The day care runner told police Jaylen was congested and that she “patted” him on his side to make him cough, court records show.

At trial, however, the medical examiner testified the cause of death was blunt-force trauma to the torso caused by a “very hard blow,” case records show. Experts said Jaylen suffered major internal bleeding, and that the fracture in his back would have left him unable to walk.

In the first trial, in 2013, Owens was found guilty of involuntary manslaughter and felony murder, an ancillary charge prosecutors can use when someone dies during the commission of a felony.

At the time, Georgia jurisprudence held that someone could not be found guilty on two separate charges for the same act if one charge required intent and the other relied instead on negligence. Using that standard, the justices in November 2014 overturned Owens’ conviction.

Justices did away with that precedent in 2015, but the Fulton judge overseeing Owens’ second trial incorrectly instructed the jury to follow the old standard, despite objections from her attorneys, according to Tuesday’s ruling.

“The charge was erroneous and harmful as to Owens’s homicide charges, because we rejected the mutually-exclusive-mental-states rule years before Owens’s retrial,” Bethel wrote.

Bethel acknowledged the complicated case is “a bit of a mess,” and explained “that’s largely our fault” given the court’s prior decision on mutually exclusive verdicts.

Owens’ attorney, Kyle Winchester, said his client’s case is unique considering it’s been to the Georgia Supreme Court twice and the law was changed between both appeals.

The boy’s death is tragic, he said, but Owens has maintained her innocence from the beginning.

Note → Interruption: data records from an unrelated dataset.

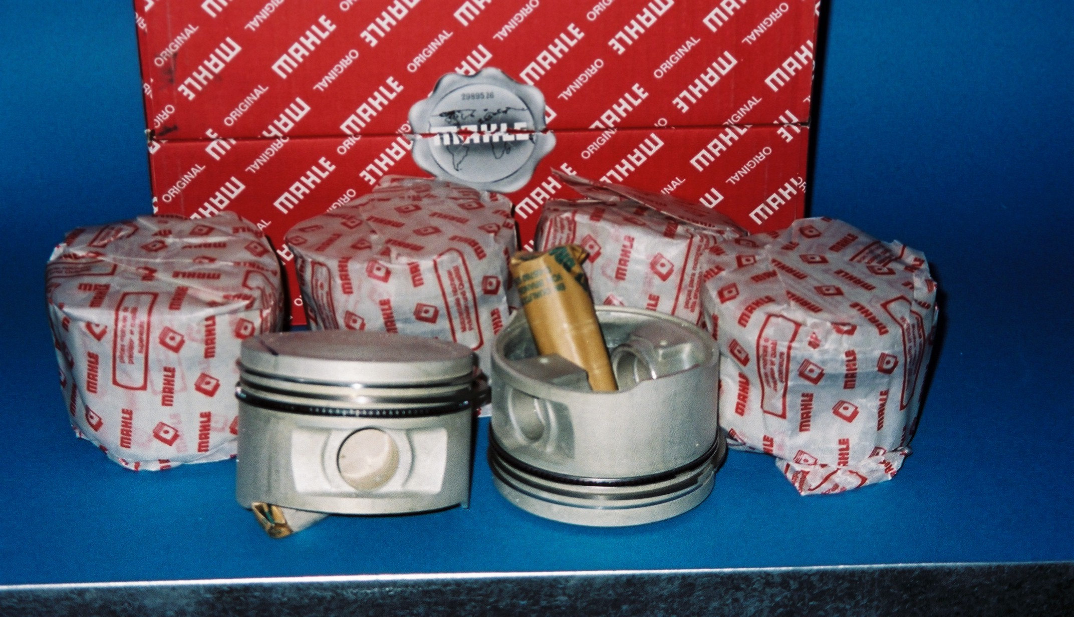 Satz sechs nagelneuer Original-Kolben mit Bolzen und Ringen.
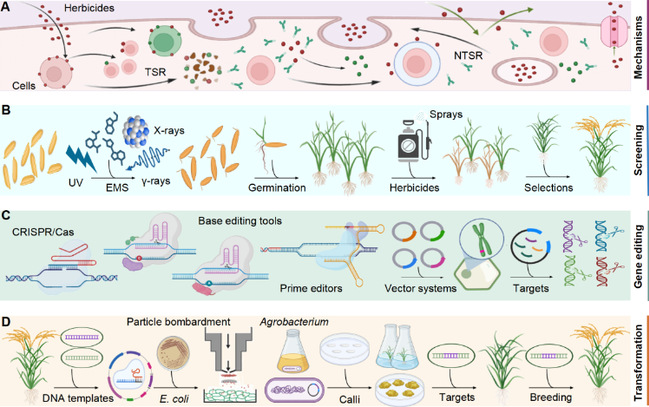 农艺措施如轮作、覆盖、灌溉能控制稻田杂草,但除草剂对直播水稻更具成本效益。全球年农田除草剂用量超300万吨,已发现272种抗除草剂杂草生物型(至少40种稻田杂草)。新时代下,传统育种向先进生物技术育种过渡,结合这两种育种方法将显著加快育种进程。
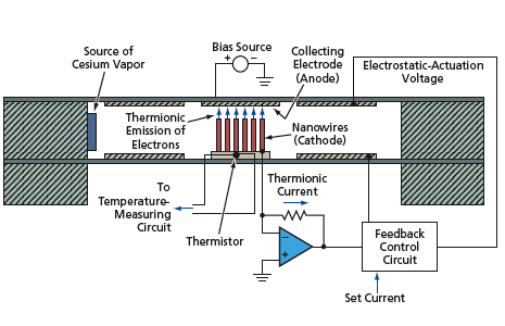 The bias potential would be applied to the anode and the temperature of the array (the cathode) would be measured by the thermistor. Because of the thermionic reduction of temperature is expected to be small in initial experiments, the sensitivity of measurement of this reduction would be enhanced by use of a lock-in technique in which the bias potential would be modulated and the variation in temperature measured at the modulation frequency.
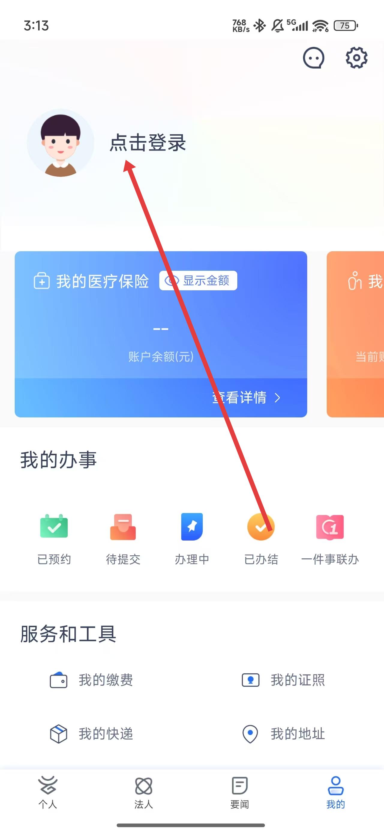 2、在進(jìn)入到我的主頁(yè)中,可以通過(guò)點(diǎn)擊登錄按鈕,準(zhǔn)備進(jìn)行登錄操作。
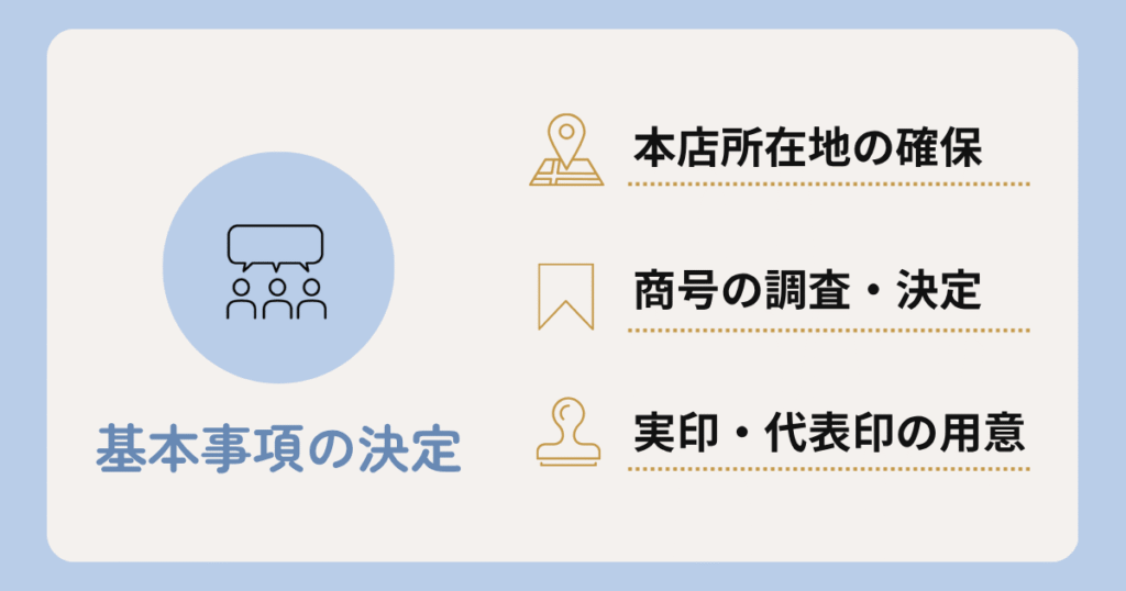 これらの内容は定款や登記に必要となるため、あらかじめ整理しておくことで、その後の手続きをスムーズに進めることができます。

The way the trial judge applied the law during the 2020 trial removed the jury’s ability to even consider the lesser-included involuntary manslaughter charge. As a result, Owens was convicted of murder and sentenced to life in prison, he said.

“On the overall question about whether the jury instructions about intent and negligence were wrong, they absolutely got that right,” Winchester said of thecourt’s decision.

The former day care operator can be retried on the felony murder charge because the justices held there was sufficient evidence to support guilty verdicts on those counts. A majority also allowed her child cruelty conviction to stand, reasoning “the erroneous charge did not impact that conviction.”

But the sentence for Owens’ child cruelty count was vacated because it is largely contingent on the resolution of her more serious murder charge.

In a partial dissent, Justice Carla Wong McMillian said each of Owens’ counts should have been reversed.

Georgia Supreme Court Justice Carla Wong McMillian authored the dissenting opinion in the case. (Natrice Miller/AJC 2024)
Georgia Supreme Court Justice Carla Wong McMillian authored the dissenting opinion in the case. (Natrice Miller/AJC 2024)

“It is difficult for me to see how an appellate court can determine that the jury would have convicted on certain charges but not others, but for the instructional error,” she said in an opinion joined by two others.

McMillian said it is not clear what authority the court has to leave certain verdicts in place while vacating the sentences for those verdicts. The majority’s procedure in this decision, she said, seemed “unduly cumbersome.”

Asked whether prosecutors plan to try Owens a third time, a spokesman for the Fulton County District Attorney’s Office said they are reviewing the decision and the case to determine the appropriate course of action.